Вот интересно, почему это мозг всегда с удовольствием выдумывает матерные стишки или глупые каламбуры, а стоит озадачить его каким-нибудь действительно интересным вопросом… Или же это – лукавство, и действительно интересны мне именно эти глупости и матерные стишки?

Пришла Алина. Она подошла ко мне сзади, нежно обняла и поцеловала в шею.

– Я соскучилась, – прошептала она.

Я развернулся на стуле, и она села ко мне на колени. Мы страстно поцеловались, потом еще и еще…

Потом я немного отодвинул голову от ее лица. Глаза Алины лучились любовью, нежностью и счастьем. И ни намека на то, что она совсем недавно рисковала своей жизнью, чтобы сдать меня куратору и его подопечным. Меня восхищала, удивляла и пугала ее доведенная до совершенства способность лгать. Глядя в ее влюбленные честные глаза, я понял, что не могу быть уверен хоть в чем-то с этой женщиной, и даже ее переживания, когда меня вызывал куратор, вполне могли оказаться элементом игры, как и вся наша любовь… ее любовь.
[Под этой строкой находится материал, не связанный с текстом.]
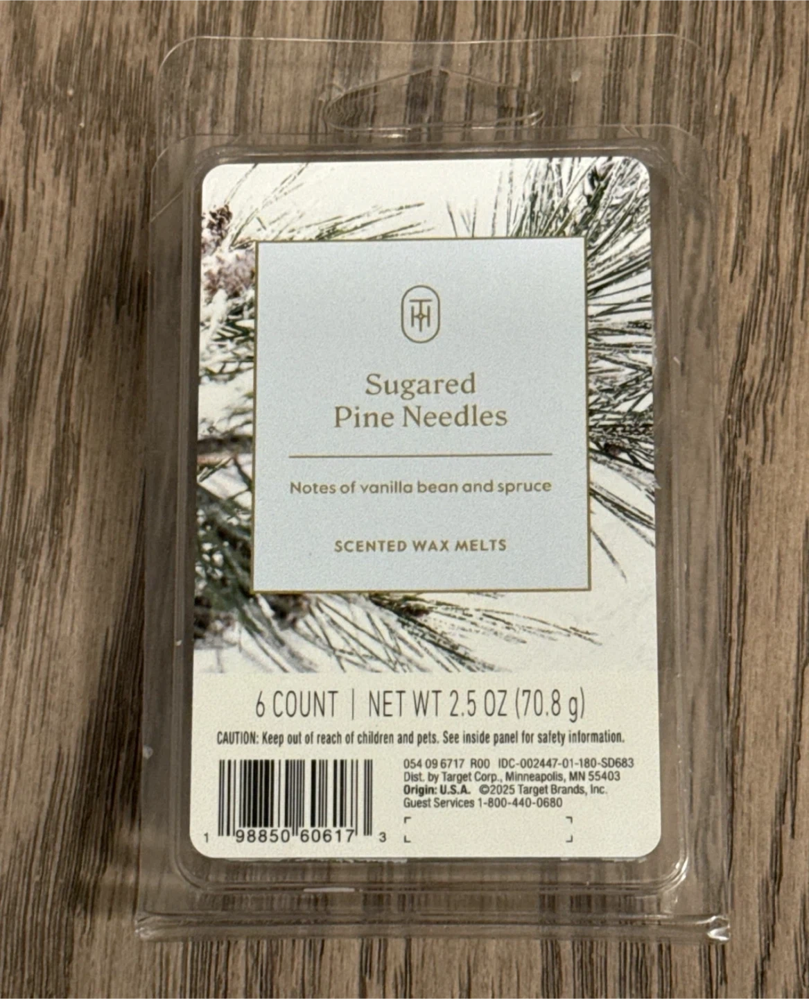 Selling a pack of Threshold Sugared Pine Needles scented wax melts! It includes 6 wax melts with notes of vanilla bean and spruce. Net weight is 2.5 oz (70.8 g). Great for customizing your fragrance and filling your space with a pleasant aroma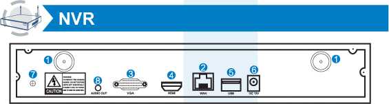 0 WAN Port:Connect your NVR to Internet; ©VGA PortTor viewing on VGA monitor;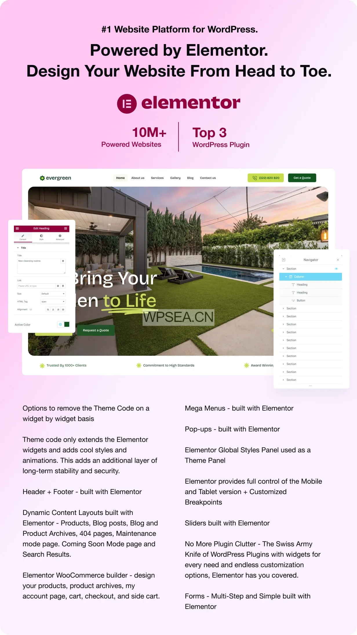 EverGreen与Elementor及Elementor Pro完美兼容,使您能够轻松构建视觉上令人惊叹且完全可定制的网站。请注意,使用演示内容导入器和主题设置时需要Elementor Pro。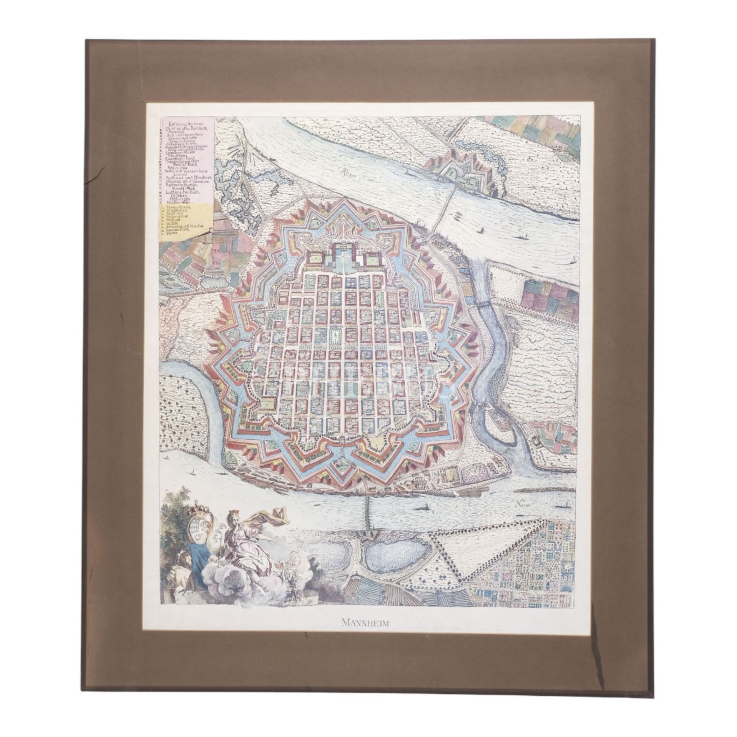 Mannheim (Almanya) şehrinin Ortaçağ dönemini tasvir eden renkli gravürün baskısı, paspartulu, paspartusuyla birlikte 67x77 cm...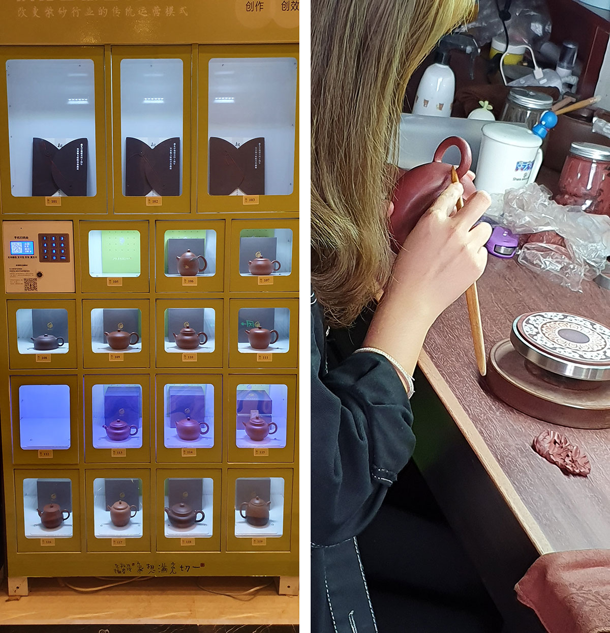 Las legendarias teteras en gres rojo de Yixing (provincia de Jiangsu), producidas desde el siglo XVI, se distinguen por su pequeño tamaño. Hoy en día se venden en precios astronómicos para coleccionistas, pero también se consiguen modelos a un precio módico, incluso en distribuidores automáticos dentro de los hoteles: otro ejemplo de la extrema modernización china.

А вот я нихрена не умею ни врать, ни претворяться. По крайней мере Алина меня раскусила сразу.

– Что с тобой? – настороженно спросила она и внимательно, словно впервые только увидев, посмотрела на меня.

– Ничего, – ответил я.

– Ты какой-то не такой… другой.

– Все нормально, – я попытался ее поцеловать, но она отстранилась.

– Можешь ничего мне не говорить, но не забывай, что я тебя насквозь вижу.

– Запарился я. Хочу бросить все и умотать в отпуск недели на две. Ты не представляешь, как меня все достало!

– Еще как представляю, – грустно прошептала она.

– Тогда, может, бросим все и мотанем куда-нибудь?..

– Куда?

– Куда угодно, лишь бы подальше от всех этих компьютеров, клиентов и вообще людей.

– Пожалуй, отпуск я смогу нам устроить, – решила Алина.

Похоже, мое объяснение было принято, хотя разве мог я быть хоть в чем-то с ней уверенным?

Алина ласкала меня, все сильнее распаляясь с каждым поцелуем, каждым прикосновением, мне же было тошно до слез. Я хотел схватиться руками за голову и орать белугой в белый свет, проклиная всех тех уродов, которые сумели таки если не разрушить, то расколоть наши отношения. Я чувствовал… на высшем, энергетическом плане мы стали с Алиной единым целым, единым существом, и эти паскуды разрывали теперь нас на две части, не позаботившись дать обезболивающего, не говоря уже…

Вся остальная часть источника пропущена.